There is no dispute over the basis of recognition, Gap evidence 1, Eul evidence 2-1 through 6, Eul evidence 5-1, 2, Eul evidence 1-6-1 through 3, Gap evidence 7 through 10, 2, Gap evidence 11-1 through 5, Gap evidence 12, Gap evidence 15-1 through 3, Gap evidence 17, Gap evidence 18-1 through 3, Eul evidence 19-1 through 4, Eul evidence 19-1 through 4, Eul evidence 1-3, Eul evidence 6, Eul evidence 7-1 and 2, the purport of the whole pleadings, and the purport of the whole arguments.

D. Determination

(1) As a matter of principle, the fact of donation of property, which is a requirement for the imposition of gift tax, is a matter of proof by the tax authority. If a person has a certain occupation and a considerable amount of income at the time of acquisition of property, or a person who actually had a substantial income therefrom, barring any special circumstance, the portion of the fund for acquisition of the property, which was not presented clearly cannot be deemed to have been donated to another person, barring any special circumstance (see, e.g., Supreme Court Decision 2003Du10732, Apr. 16, 2004)

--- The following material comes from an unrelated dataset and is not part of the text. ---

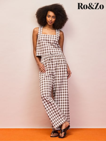 Ro&Zo Brown Gingham Linen Blend Casual Trousers

(2) Examining the instant case in light of the following: (a) 11 bonds out of the stores where the instant real estate is located are owned by ○○○ and ○○○○○○○; (b) 2111 are owned by the Plaintiff; (c) ○○○○○ and ○○○○○○○○○; (d) the Plaintiff was a kys of Cho○○○; (c) the computerized data of the National Tax Service was merely KRW 184,817,000 from the year 1983 to the year 2003; and (c) part of the amount paid by the Plaintiff as down payment was the funds of ○○○○, etc., it was found that the Plaintiff was not an actual business entity of 6 ○○○○○○○○○○ and ○○○○○○○○○○○; (c) it was difficult to readily conclude that the Plaintiff received donations from 00,000 won to 201, 3075,20757.

3. Conclusion

Therefore, each disposition of this case is unlawful, and the plaintiff's claim seeking its revocation is reasonable, so it is decided as per Disposition by admitting it.